# Whats your opinion on the .40 sigma (pictures)



## Ranger7489 (Apr 11, 2008)

This is my .40 cal Sigma, Sense i already have a 1911 and 12 gauge remington 870 for home defense. I needed a new one for work that was semi concealable. (i have my concealed carry permit because of my line of work) The clip holds 14-1 in the chamber. I've put about 200 rounds threw it so far at the range an have yet to have a jam or missfire.

Here she is, What do you guys think about the .40cal? Does it have about the same amount of stopping power my 1911 does? Is it reliable? Do you own one?

sorry for the red marks, i blurred out my s/n, please ignore time/date stamps. I never set it on my camera, the pictures were taken today.


----------



## Mike Barham (Mar 30, 2006)

Sigmas seem reliable enough. Light to carry compared to a steel 1911. Heavy trigger seems the biggest drawback.

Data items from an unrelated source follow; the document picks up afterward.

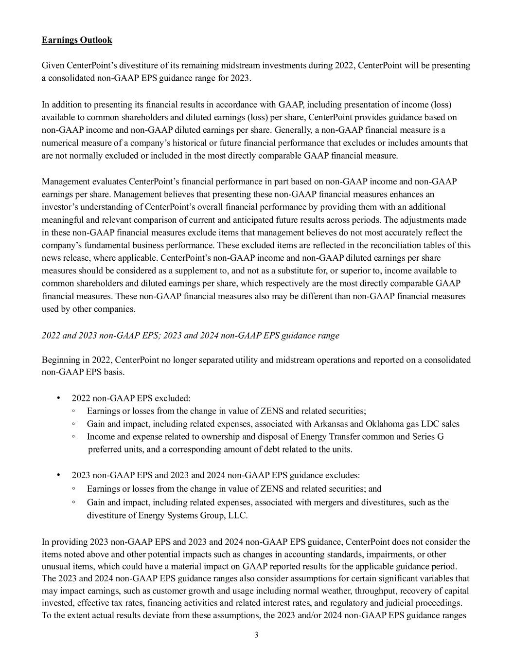 3 Earnings Outlook Given CenterPoint’s divestiture of its remaining midstream investments during 2022, CenterPoint will be presenting a consolidated non-GAAP EPS guidance range for 2023. In addition to presenting its financial results in accordance with GAAP, including presentation of income (loss) available to common shareholders and diluted earnings (loss) per share, CenterPoint provides guidance based on non-GAAP income and non-GAAP diluted earnings per share. Generally, a non-GAAP financial measure is a numerical measure of a company’s historical or future financial performance that excludes or includes amounts that are not normally excluded or included in the most directly comparable GAAP financial measure. Management evaluates CenterPoint’s financial performance in part based on non-GAAP income and non-GAAP earnings per share. Management believes that presenting these non-GAAP financial measures enhances an investor’s understanding of CenterPoint’s overall financial performance by providing them with an additional meaningful and relevant comparison of current and anticipated future results across periods. The adjustments made in these non-GAAP financial measures exclude items that management believes do not most accurately reflect the company’s fundamental business performance. These excluded items are reflected in the reconciliation tables of this news release, where applicable. CenterPoint’s non-GAAP income and non-GAAP diluted earnings per share measures should be considered as a supplement to, and not as a substitute for, or superior to, income available to common shareholders and diluted earnings per share, which respectively are the most directly comparable GAAP financial measures. These non-GAAP financial measures also may be different than non-GAAP financial measures used by other companies. 2022 and 2023 non-GAAP EPS; 2023 and 2024 non-GAAP EPS guidance range Beginning in 2022, CenterPoint no longer separated utility and midstream operations and reported on a consolidated non-GAAP EPS basis. • 2022 non-GAAP EPS excluded: ◦ Earnings or losses from the change in value of ZENS and related securities; ◦ Gain and impact, including related expenses, associated with Arkansas and Oklahoma gas LDC sales ◦ Income and expense related to ownership and disposal of Energy Transfer common and Series G preferred units, and a corresponding amount of debt related to the units. • 2023 non-GAAP EPS and 2023 and 2024 non-GAAP EPS guidance excludes: ◦ Earnings or losses from the change in value of ZENS and related securities; and ◦ Gain and impact, including related expenses, associated with mergers and divestitures, such as the divestiture of Energy Systems Group, LLC. In providing 2023 non-GAAP EPS and 2023 and 2024 non-GAAP EPS guidance, CenterPoint does not consider the items noted above and other potential impacts such as changes in accounting standards, impairments, or other unusual items, which could have a material impact on GAAP reported results for the applicable guidance period. The 2023 and 2024 non-GAAP EPS guidance ranges also consider assumptions for certain significant variables that may impact earnings, such as customer growth and usage including normal weather, throughput, recovery of capital invested, effective tax rates, financing activities and related interest rates, and regulatory and judicial proceedings. To the extent actual results deviate from these assumptions, the 2023 and/or 2024 non-GAAP EPS guidance ranges
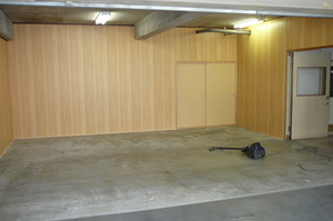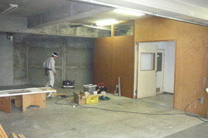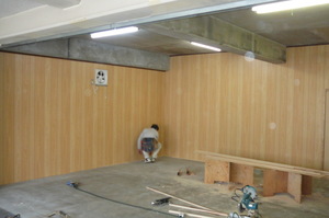 このコンクリートむき出しの部分に仕切壁などを作って仕上げる工事です。今回のお施主様は法人様で、これから現在ある自社ビルを解体されて新しいビルを建てられます  完成は1年半年後です。今回のこの工事はその期間を過ごす仮事務所の工事です。コンクリートに木造下地を作り、いざ仕上げの合板張です
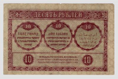 Описание лота: 10 рублей 1918 Закавказский комиссариат.
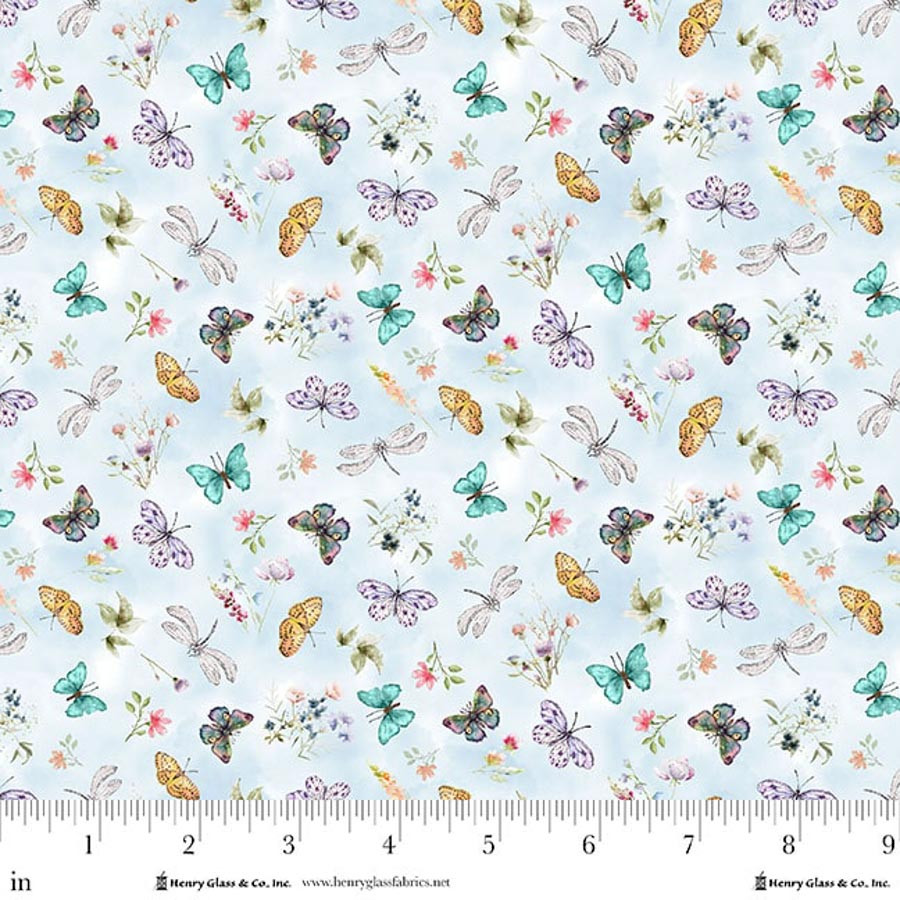 Basket Full of Blessings: BUTTERFILES & FLORAL-Sky Blue by Catherine Bartolli (1/2 yd)
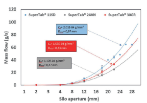 The SuperTab® 11SD has the highest Beverloo parameter and thus exhibits the best flowability through the silo aperture. This powder has also the lowest Dmin and is thus able to flow though a smaller aperture than the other ones. It is then followed by SuperTab® 30GR and SuperTab® 24AN, in this order, in total accordance with the angle of repose measurements obtained with the GranuHeap.
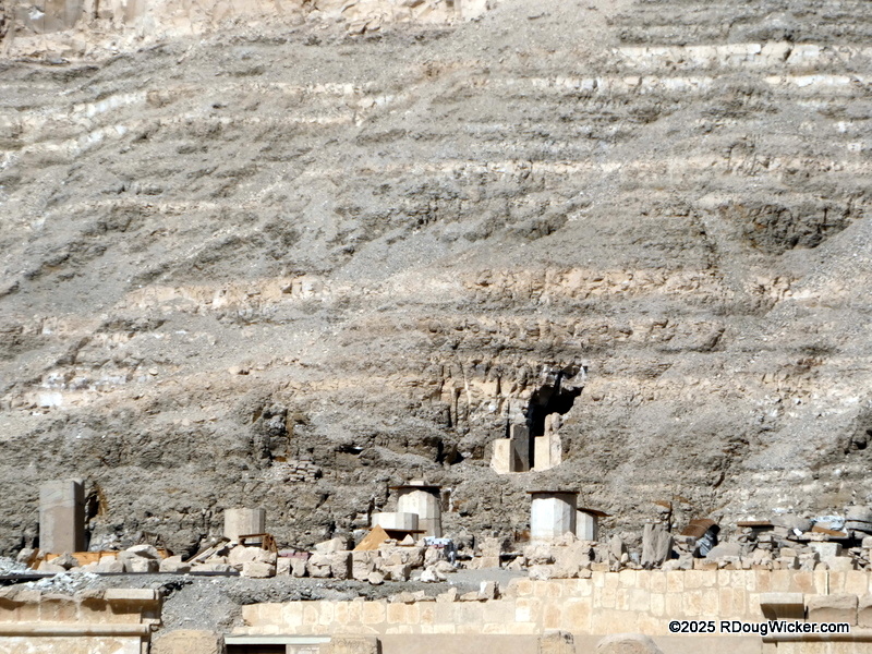 In the photograph I borrowed from Wikipedia, the second from the top in today’s article, you’ll notice what appears to be a second platform with rubble above it. You also might wonder, in a land known for earthquakes, just how stable is that sheer cliff above Hatshepsut? You would do well to wonder, for that rubble belongs to two other Deir el-Bahari temples — Thutmose III and Mentuhotep II — and they were destroyed by an earthquake and resulting cliff collapse during the beginning of the Twenty-First Dynasty. Not a whole lot remains of either structure:
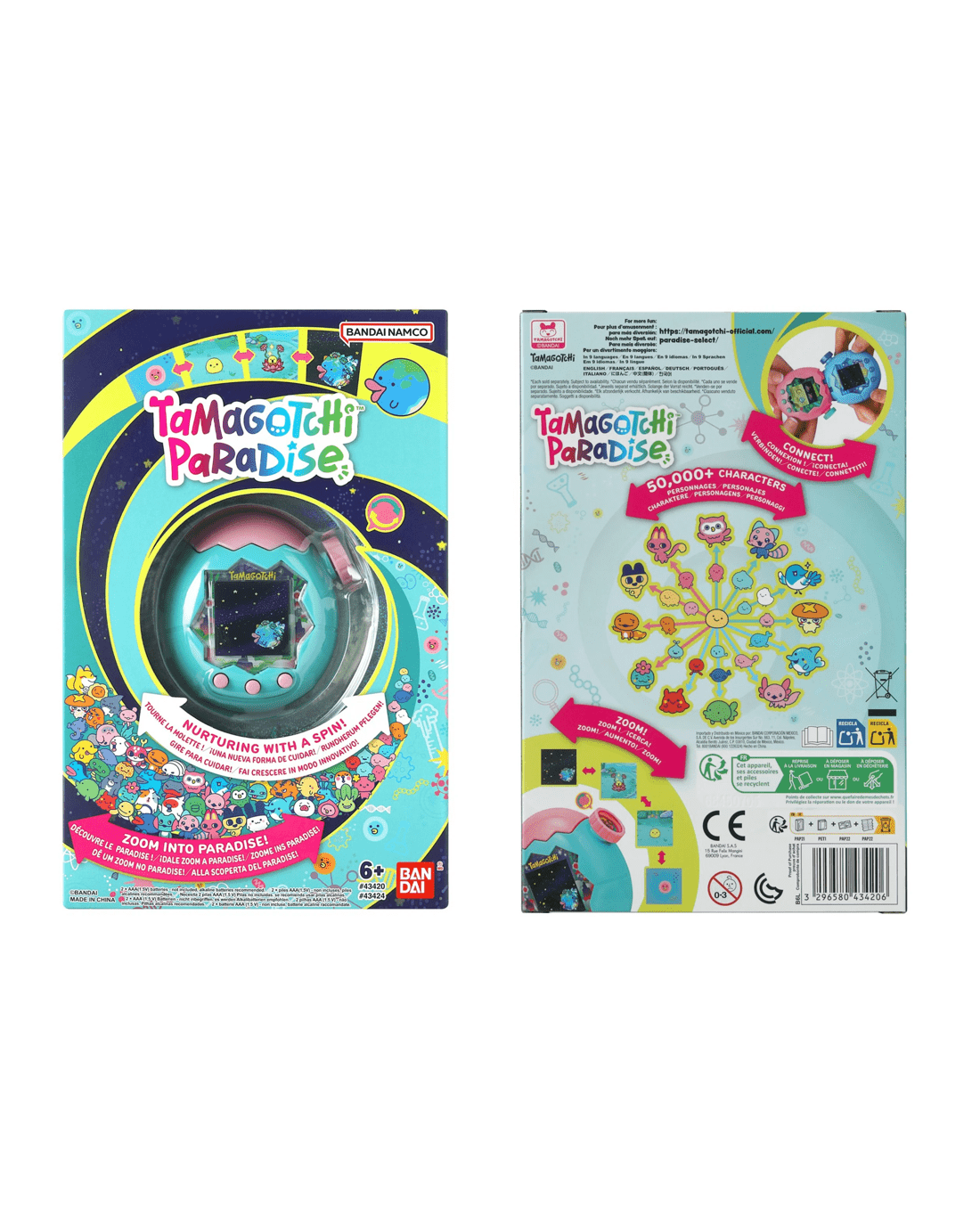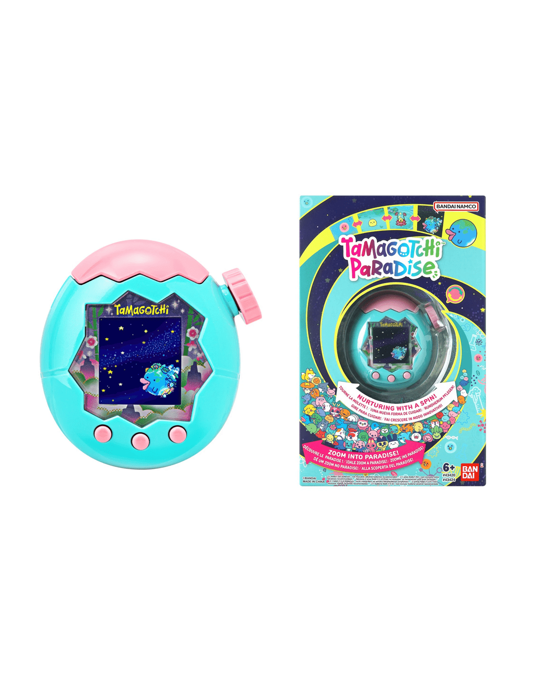 Nurture with a spin! Zoom into Paradise! Turn the dial to take care of your Tamagotchi character. Zoom from cell to space for traditional nurturing play - clean the poop, feed them delicious food and make them feel better! Play mini games and nurturing activities and shop in the Lab mode!

.40 works fine - just like 9mm, .45ACP, .357SIG, etc. I'm a Glock guy and stick to 9mm for my own use.


----------



## nelskc (Jan 15, 2008)

For a cheap gun it does the job. My dad has owned one for awhile, and seems to quite reliable, he keeps his in his RV. The .40 is a very effective round, popular in the law enforcement crowd. If you can shoot good it will do its part. After all smith wesson copied a lot of the design from a glock didn't they? Hence the law suit


----------



## Ranger7489 (Apr 11, 2008)

nelskc said:


> For a cheap gun it does the job. My dad has owned one for awhile, and seems to quite reliable, he keeps his in his RV. The .40 is a very effective round, popular in the law enforcement crowd. If you can shoot good it will do its part. After all smith wesson copied a lot of the design from a glock didn't they? Hence the law suit


Thats what i hear, alot of my friends in law enforcement either use the 10mm or .40cal. The main reason i chose the Sigma 40 was the comfurtable grip and the weight of the gun itself. While carrying concealed weight IMO is an issue. If its too heavy it can pull on the back of your pants and make it noticable your packin'. I also noticed the recoil is nearly identical to the 9mm, which makes it comfurtable to shoot.


----------



## DevilsJohnson (Oct 21, 2007)

I had one and really liked it. I ended up selling it mainly because I was starting to have a lot of 40's and wanted yo slim down the guns of same caliber thing. I put a ton of ammo through it and liked it so much at the time I sold my Glocks because I stopped shooting them. The trigger is pretty rough at first but they get better over time. One can also put a Wolff striker spring in them and take a little more off of them. I did that to mine and it worked great:smt1099


----------



## Deltaboy1984 (Jun 1, 2008)

I love my Sigma VE 40 cal :smt1099


----------



## Dsig1 (Dec 23, 2007)

Deltaboy1984 said:


> I love my Sigma VE 40 cal :smt1099


+1 on loving my Sigma.


----------



## Baldy (Jun 21, 2006)

I got one about four years ago and I still don't care much for it. I just can't get use to the trigger. I don't even shoot it much anymore. Nothing wrong with the gun it's just me.


----------



## jeb21 (Jun 10, 2008)

Nice gun!


----------